Michael Schumacher começou o Grande Prêmio da França em segundo atrás de Fernando Alonso, da Renault, em uma Ferrari que era fundamentalmente mais rápida, mas lutou para mostrar isso em uma volta de qualificação ou nas primeiras voltas de um stint em sua borracha Bridgestone.


A Ferrari entrou na corrida com três paradas, mas o estrategista Luca Baldisserri também tinha uma opção de quatro paradas em mente se Schumacher não estivesse no ar. Tendo perseguido Alonso nas duas primeiras passagens, a Ferrari se comprometeu com quatro pit stops.


Schumacher assumiu uma carga relativamente leve em sua segunda parada na volta 29. A parada de Alonso foi antecipada, mas ainda com três paradas em mente, e o tempo perdido com Michelins envelhecidos no final de seu segundo stint fez com que ele saísse dos boxes atrás Schumacher.


Schumacher agora conseguiu bater o martelo e conseguiu tempo mais do que suficiente no terceiro e quarto stints para emergir de sua parada final na volta 58 à frente de Alonso. Apesar de passar pouco mais de 15 segundos no pit lane do que Alonso em suas quatro paradas, Schumacher venceu por 8,329s.

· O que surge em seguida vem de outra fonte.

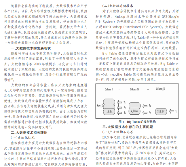随着我国大数据技术的不断发展,大数据技术已经深入到各个领域。我国社会经济的发展将会带动人们 生活水平的提高,大数据行业的创新将会为我国大数据时代带来更大的机遇和挑战。本文分析了我国大数据技术存在 的问题,并针对具体问题提出应对策略,为今后的发展提供借鉴。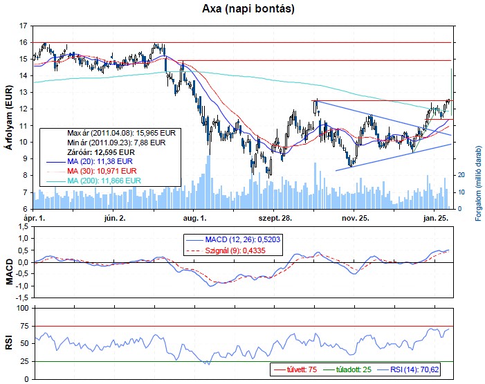 Az év első hetében lejtmenet vette kezdetét a papírban. A rossz hangulat azonban nem tartott sokáig, a 9,4-es minimumról rally üzemmódba kapcsolt az árfolyam. Az emelkedés azóta is töretlen, ráadásul fontos ellenállások felett tartózkodik az Axa.- Miután az árfolyam kitört a szűkülő alakzatból, gyorsan elérte a 200 napos mozgóátlagot, amelyet pár nap birkózást követően leküzdött.

Como a liderança balançou para frente e para trás entre os pit stops

6. Sebastian Vettel – Grande Prêmio da Itália de 2010

Posição final: 4º

O piloto da Red Bull Sebastian Vettel entrou na corrida em Monza planejando parar na volta 14-15, mas no final ele permaneceu em seu conjunto de Bridgestones até a volta 52. Assim como Albon na Austrália 2022, ele fez o obrigatório pit stop para mudar para o outro composto de pneus no final da penúltima volta.

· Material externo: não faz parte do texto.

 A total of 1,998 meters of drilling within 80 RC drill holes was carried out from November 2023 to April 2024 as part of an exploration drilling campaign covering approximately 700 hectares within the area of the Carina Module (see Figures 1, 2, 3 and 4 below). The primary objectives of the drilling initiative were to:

A estratégia funcionou lindamente. Vettel ficou em sétimo na primeira parte da corrida e apesar de seus pneus macios perderem um pouco de aderência, ele conseguiu rodar em bom ritmo durante todo o stint graças ao ar limpo. Ele estava pronto para superar o piloto da Williams, Nico Hulkenberg, e Robert Kubica, da Renault, com bastante facilidade, mas foi difícil com a Mercedes de Nico Rosberg e o companheiro de equipe Mark Webber


O tráfego para Rosberg, que tinha Webber a reboque, no final da corrida permitiu que Vettel fizesse sua parada e saísse à frente para terminar em quarto. Embora não tenha sido um grande resultado em si, o fato de Vettel conquistar o título por apenas quatro pontos tornou essa decisão estratégica extremamente significativa.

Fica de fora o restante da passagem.